Content starts
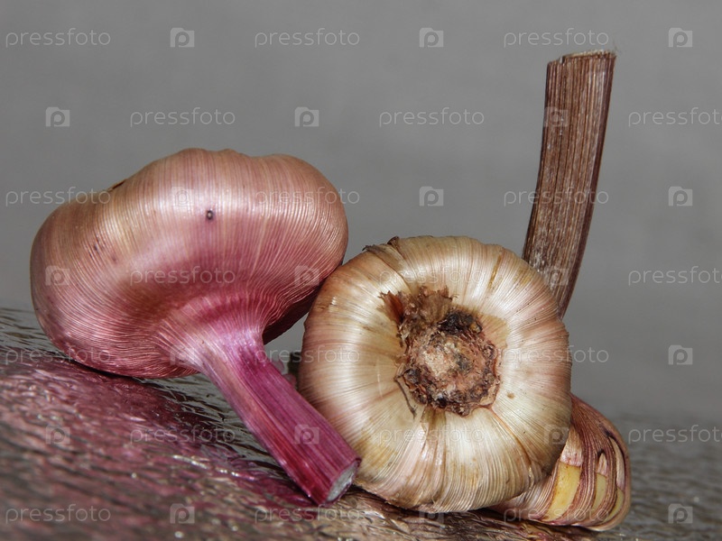 Три луковицы цветов гладиолусов разных сортов на серебряном фоне
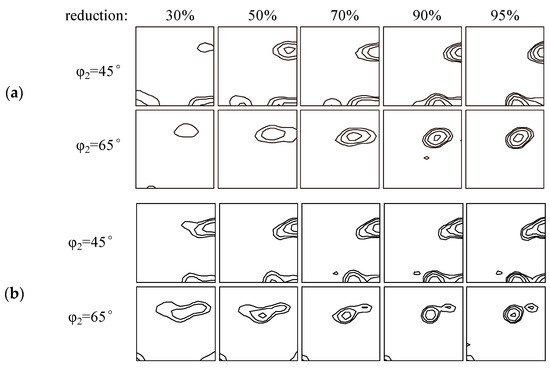 An aluminum ingot with commercial purity (99.9% Al) was forged in three directions with reducing forging reductions (25%, 15%, 10% and 5%), followed by annealing at 500 °C for 10 min [16]. Then, a sample with 8.6 mm thickness and a random initial texture was cut. The sample was cold-rolled down to reductions of 30%, 50%, 70%, 90% and 95%, while the true strain ε33 reached −0.36, −0.7, −1.2, −2.1 and −3.0, respectively. Figure 3a provides the rolling textures in ODF sections, in which the evolution of copper and brass textures in the φ2 = 45° section and the S texture in theφ2 = 65° section (Figure 2a) during rolling can be observed.
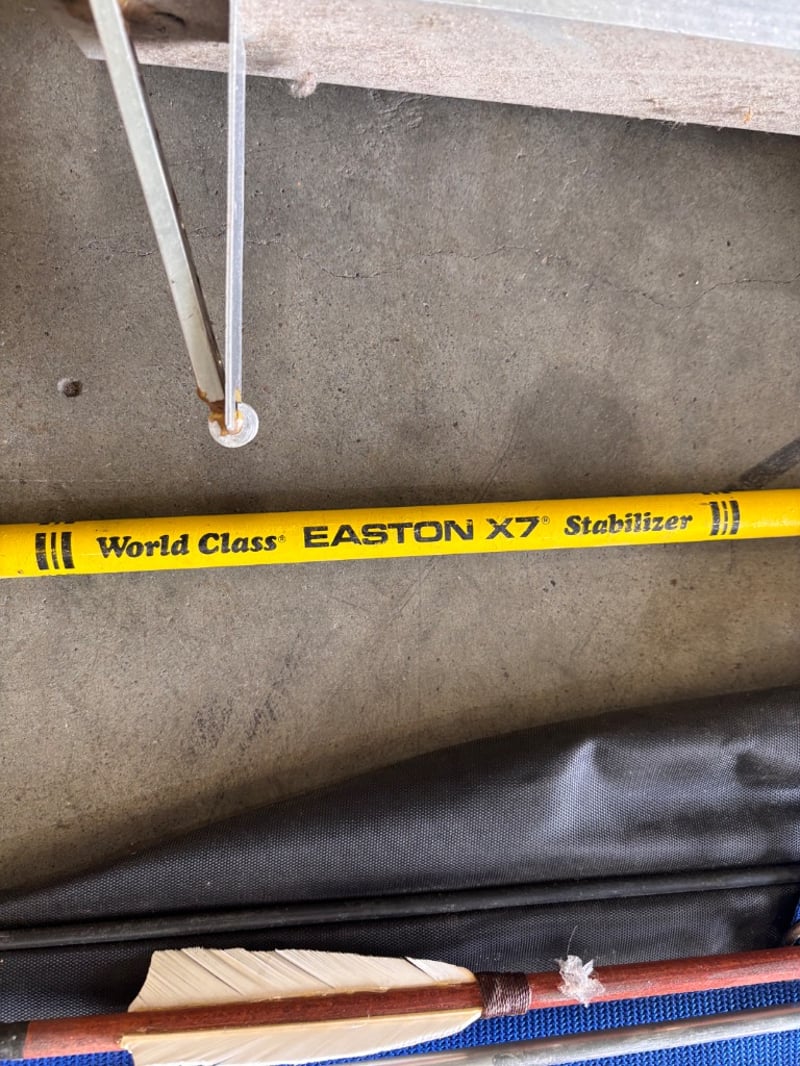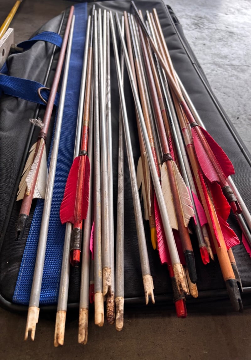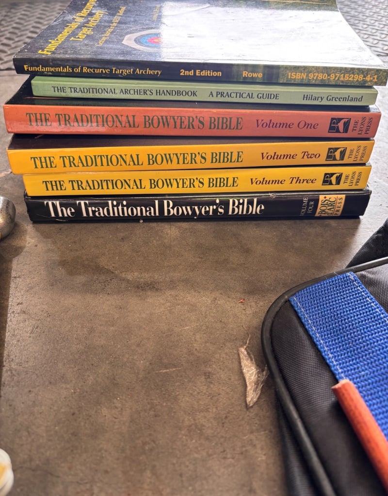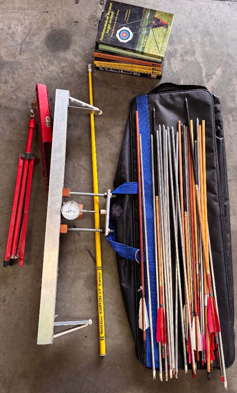 Assortment of arrows, arrow spine tester, books about bowsNote; Sold as lot, items may have damages(refer to images)
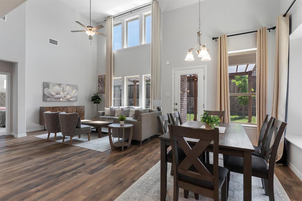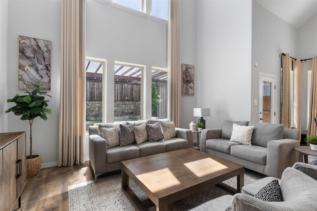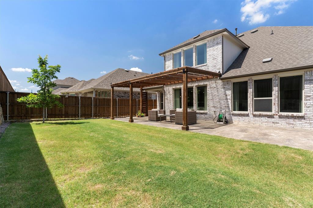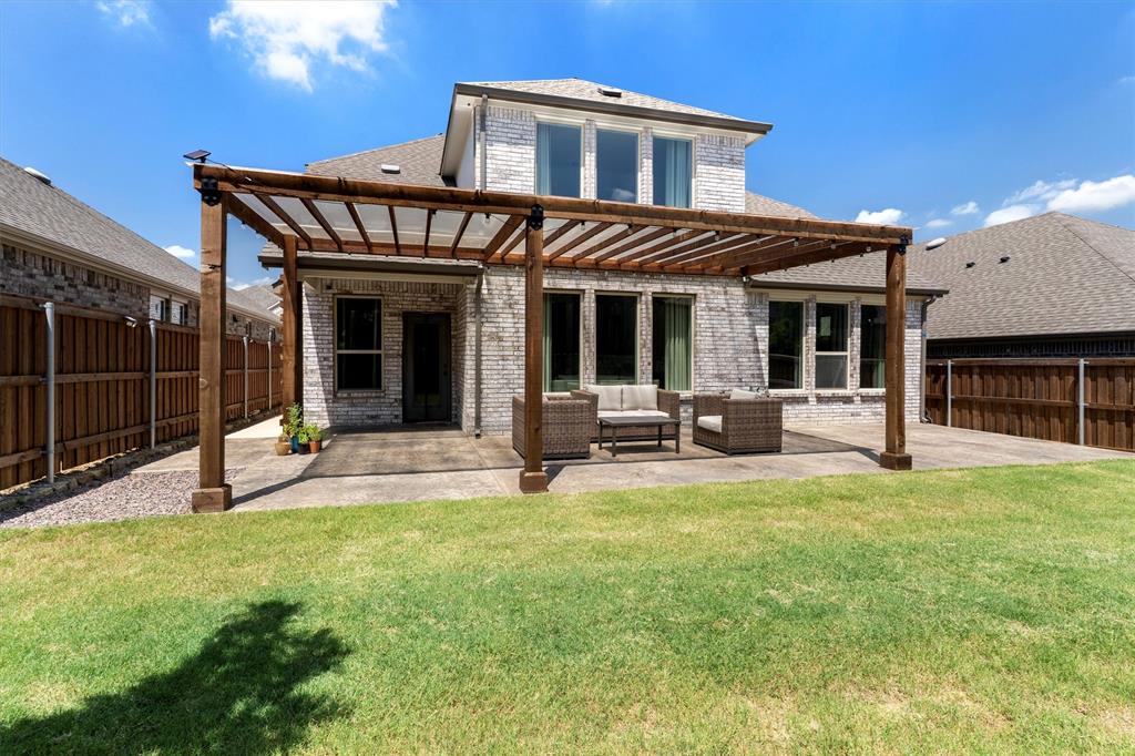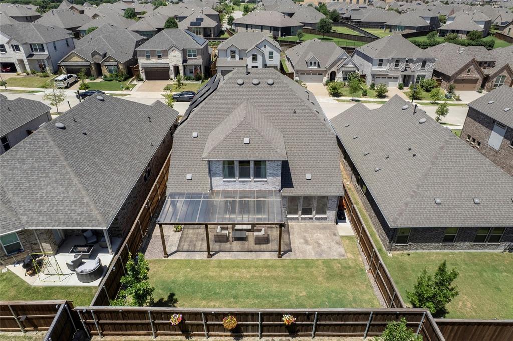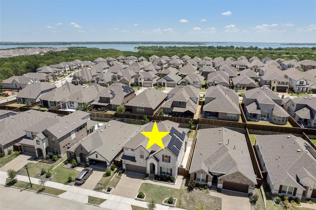 Located in the award-winning community of Inspiration along the shores of Lake Lavon, this newer-built gem offers an ideal mix of functionality, style, and smart upgrades—inside and out. From the moment you arrive, you’ll notice the pride of ownership with professionally designed stone flower beds, extended concrete walkways around the perimeter, and a charming front entry. Inside, tall ceilings and abundant natural light set the tone for a bright and open living experience. At the front of the home, a versatile room with French doors offers the perfect space for a private home office, study, or formal dining. The spacious Living Room is the heart of the home, featuring soaring ceilings, upper windows, and custom drapery for added elegance. The kitchen is a showstopper—centered around an oversized granite island that’s perfect for entertaining or casual family meals. Stainless steel appliances, sleek cabinetry, and plenty of prep space make this kitchen a dream for any home chef. The Primary Suite offers a peaceful retreat, complete with a large walk-in closet that connects directly to the laundry room for ultimate convenience. Secondary bedrooms are upstairs for privacy, and the HUGE Game Room gives you flexible space for movies, play, or hosting overnight guests. There’s even direct attic access for easy storage. Step outside to your own backyard escape—featuring an expansive stamped concrete patio with both covered and open-air areas, perfect for grilling, relaxing, or hosting gatherings. The private grassy yard is ideal for pets, play, or even a future pool. And with SOLAR PANELS already installed, you’ll enjoy energy efficiency and savings from day one! Inspiration features multiple pools, lazy river, 2 story fitness center, pickleball courts, zip line, kangaroo jumper, firepits, sand volleyball, HOA events, access to the Trinity Trail, and just minutes down the road to Collin Park Marina!
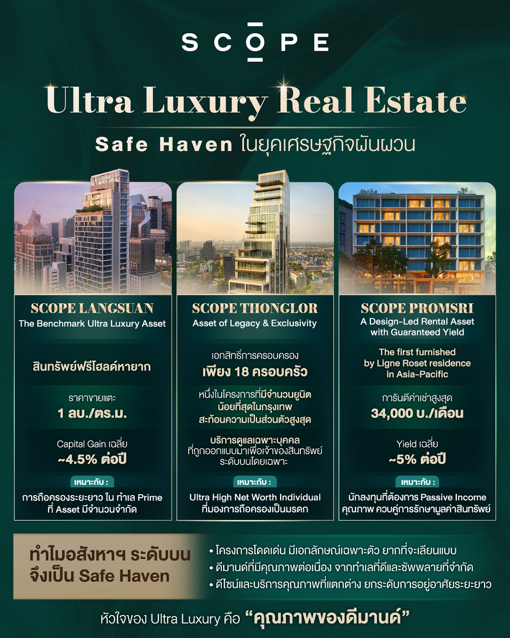 ในภาวะที่การลงทุนต้องอาศัยความแม่นยำมากกว่าการคาดหวัง ทั้ง 3 โครงการของสโคป หลังสวน ทองหล่อ และพร้อมศรี สะท้อนแนวคิดเดียวกันว่า Ultra Luxury ที่แท้จริงไม่จำเป็นต้องขายให้ทุกคน แต่ต้องรักษาคุณค่าให้กับผู้ที่เลือก สโคปไม่พัฒนาโครงการเกินศักยภาพของทำเล และไม่มุ่งผลตอบแทนระยะสั้น หากแต่ลงทุนกับทำเลหายาก งานออกแบบระดับโลก และระบบ Hospitality ที่สร้างดีมานด์คุณภาพอย่างต่อเนื่อง จึงทำให้อสังหาริมทรัพย์ของสโคปสามารถรักษามูลค่าได้อย่างมั่นคง และในบางโครงการยังกล้าการันตีผลตอบแทนอย่างเป็นรูปธรรม นี่จึงไม่ใช่เพียงการเลือกที่อยู่อาศัย แต่คือการเลือก กลยุทธ์การลงทุนระยะยาว สำหรับพอร์ตที่ต้องการความมั่นคงในวันที่โลกการเงินไม่แน่นอน
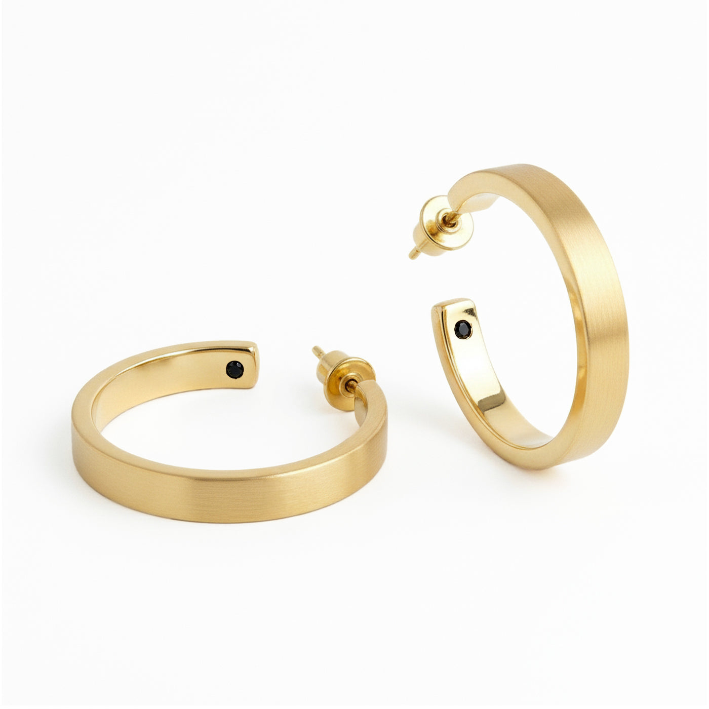 Minimalistické náušnice o průměru 1,8 cm a šířce 3 mm, s osazeným jemným zirkonem a zapínáním na puzetu.
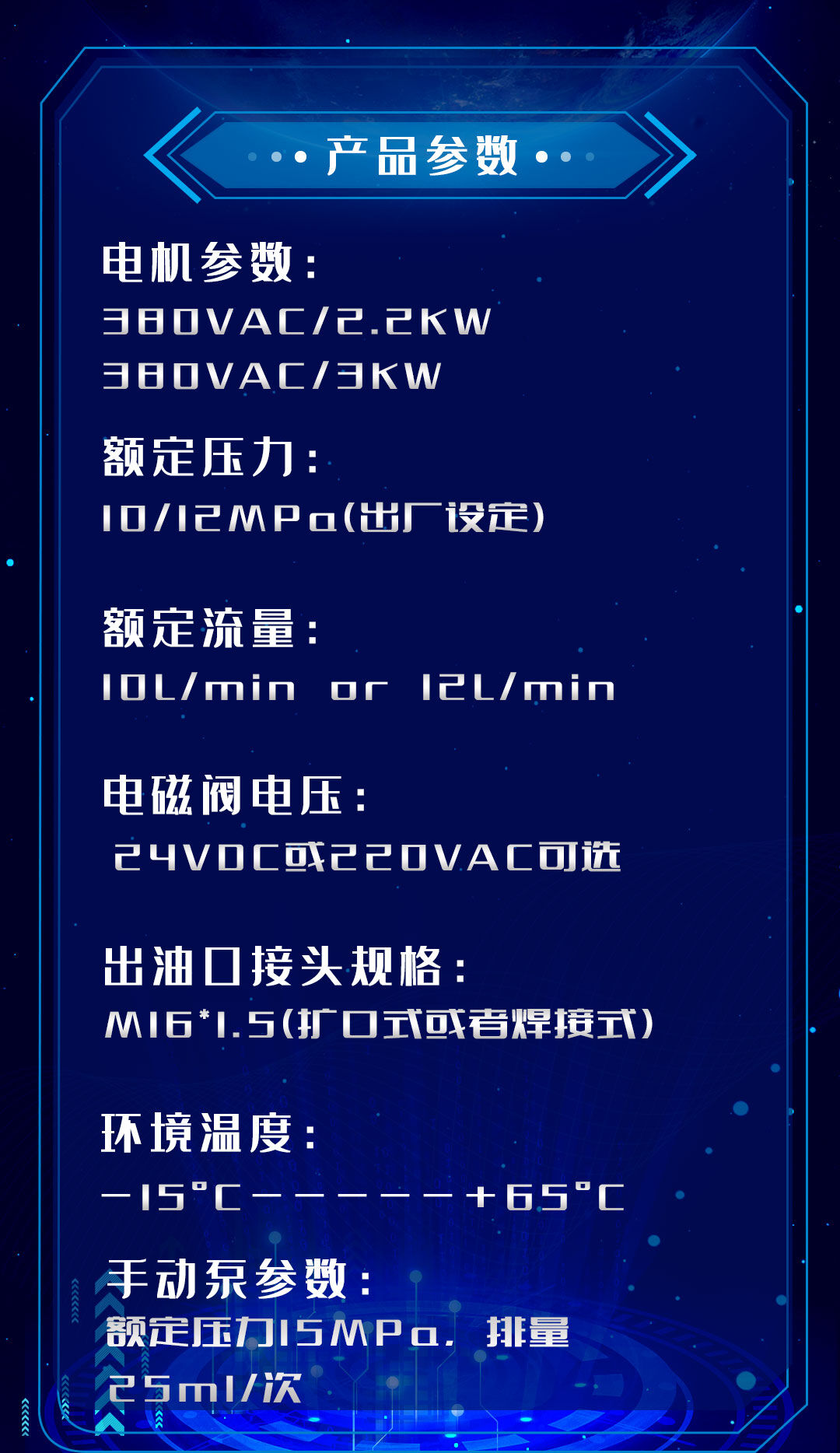 專門的手動(dòng)泵裝置,避免了設(shè)備由于停電等特殊情況而導(dǎo)致液壓油泵不能正常運(yùn)行所造成的損失。有臥式泵站和立式泵站選擇,配套液壓通用油缸使用。
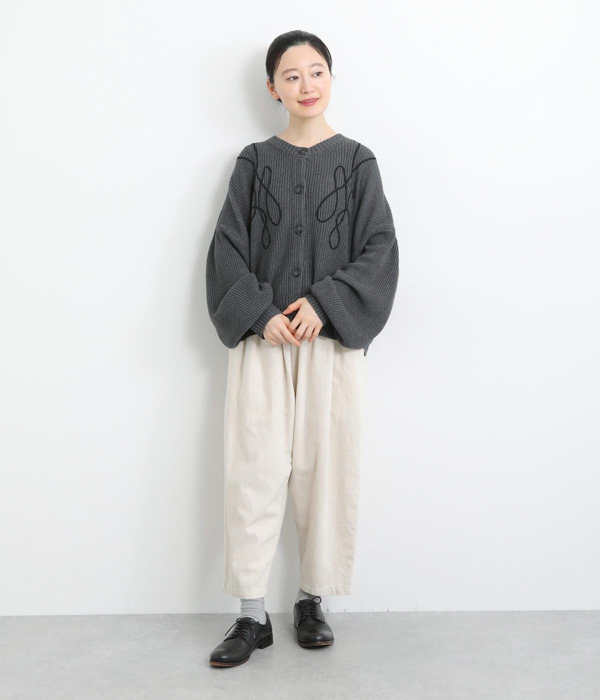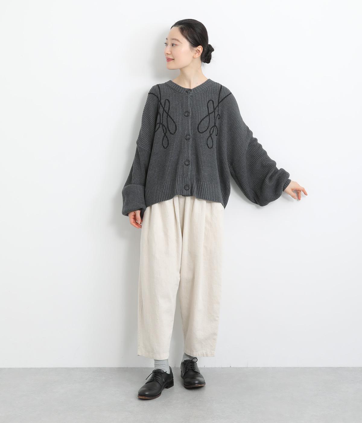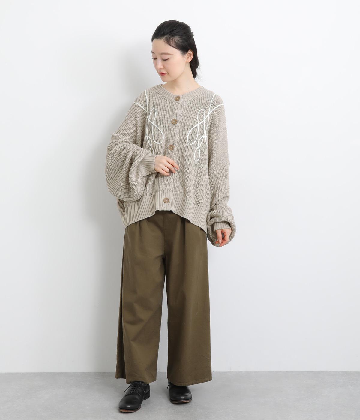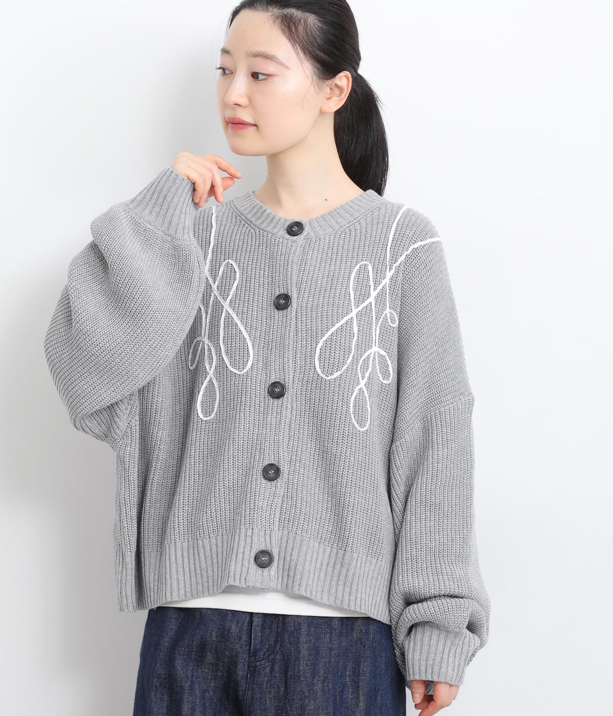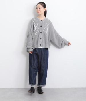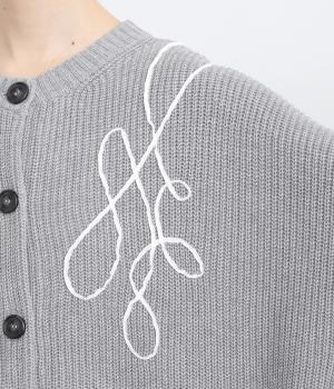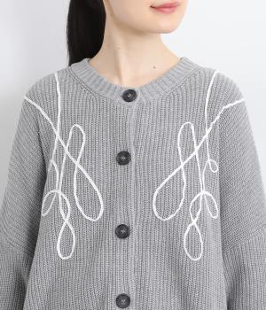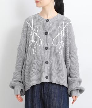コード刺しゅうのラインデザインが印象的なカーディガン。ゆったりとしたルーズシルエットにボリューム袖が特徴で、リラックス&フェミニンな印象を醸します。ラフに羽織っても前を留めてメインにしてもさまになる一枚。
Content ends
Write every entry out again exactly, images omitted.

 Три луковицы цветов гладиолусов разных сортов на серебряном фоне
 An aluminum ingot with commercial purity (99.9% Al) was forged in three directions with reducing forging reductions (25%, 15%, 10% and 5%), followed by annealing at 500 °C for 10 min [16]. Then, a sample with 8.6 mm thickness and a random initial texture was cut. The sample was cold-rolled down to reductions of 30%, 50%, 70%, 90% and 95%, while the true strain ε33 reached −0.36, −0.7, −1.2, −2.1 and −3.0, respectively. Figure 3a provides the rolling textures in ODF sections, in which the evolution of copper and brass textures in the φ2 = 45° section and the S texture in theφ2 = 65° section (Figure 2a) during rolling can be observed.
 Assortment of arrows, arrow spine tester, books about bowsNote; Sold as lot, items may have damages(refer to images)
 Located in the award-winning community of Inspiration along the shores of Lake Lavon, this newer-built gem offers an ideal mix of functionality, style, and smart upgrades—inside and out. From the moment you arrive, you’ll notice the pride of ownership with professionally designed stone flower beds, extended concrete walkways around the perimeter, and a charming front entry. Inside, tall ceilings and abundant natural light set the tone for a bright and open living experience. At the front of the home, a versatile room with French doors offers the perfect space for a private home office, study, or formal dining. The spacious Living Room is the heart of the home, featuring soaring ceilings, upper windows, and custom drapery for added elegance. The kitchen is a showstopper—centered around an oversized granite island that’s perfect for entertaining or casual family meals. Stainless steel appliances, sleek cabinetry, and plenty of prep space make this kitchen a dream for any home chef. The Primary Suite offers a peaceful retreat, complete with a large walk-in closet that connects directly to the laundry room for ultimate convenience. Secondary bedrooms are upstairs for privacy, and the HUGE Game Room gives you flexible space for movies, play, or hosting overnight guests. There’s even direct attic access for easy storage. Step outside to your own backyard escape—featuring an expansive stamped concrete patio with both covered and open-air areas, perfect for grilling, relaxing, or hosting gatherings. The private grassy yard is ideal for pets, play, or even a future pool. And with SOLAR PANELS already installed, you’ll enjoy energy efficiency and savings from day one! Inspiration features multiple pools, lazy river, 2 story fitness center, pickleball courts, zip line, kangaroo jumper, firepits, sand volleyball, HOA events, access to the Trinity Trail, and just minutes down the road to Collin Park Marina!
 ในภาวะที่การลงทุนต้องอาศัยความแม่นยำมากกว่าการคาดหวัง ทั้ง 3 โครงการของสโคป หลังสวน ทองหล่อ และพร้อมศรี สะท้อนแนวคิดเดียวกันว่า Ultra Luxury ที่แท้จริงไม่จำเป็นต้องขายให้ทุกคน แต่ต้องรักษาคุณค่าให้กับผู้ที่เลือก สโคปไม่พัฒนาโครงการเกินศักยภาพของทำเล และไม่มุ่งผลตอบแทนระยะสั้น หากแต่ลงทุนกับทำเลหายาก งานออกแบบระดับโลก และระบบ Hospitality ที่สร้างดีมานด์คุณภาพอย่างต่อเนื่อง จึงทำให้อสังหาริมทรัพย์ของสโคปสามารถรักษามูลค่าได้อย่างมั่นคง และในบางโครงการยังกล้าการันตีผลตอบแทนอย่างเป็นรูปธรรม นี่จึงไม่ใช่เพียงการเลือกที่อยู่อาศัย แต่คือการเลือก กลยุทธ์การลงทุนระยะยาว สำหรับพอร์ตที่ต้องการความมั่นคงในวันที่โลกการเงินไม่แน่นอน
 Minimalistické náušnice o průměru 1,8 cm a šířce 3 mm, s osazeným jemným zirkonem a zapínáním na puzetu.
 專門的手動(dòng)泵裝置,避免了設(shè)備由于停電等特殊情況而導(dǎo)致液壓油泵不能正常運(yùn)行所造成的損失。有臥式泵站和立式泵站選擇,配套液壓通用油缸使用。
コード刺しゅうのラインデザインが印象的なカーディガン。ゆったりとしたルーズシルエットにボリューム袖が特徴で、リラックス&フェミニンな印象を醸します。ラフに羽織っても前を留めてメインにしてもさまになる一枚。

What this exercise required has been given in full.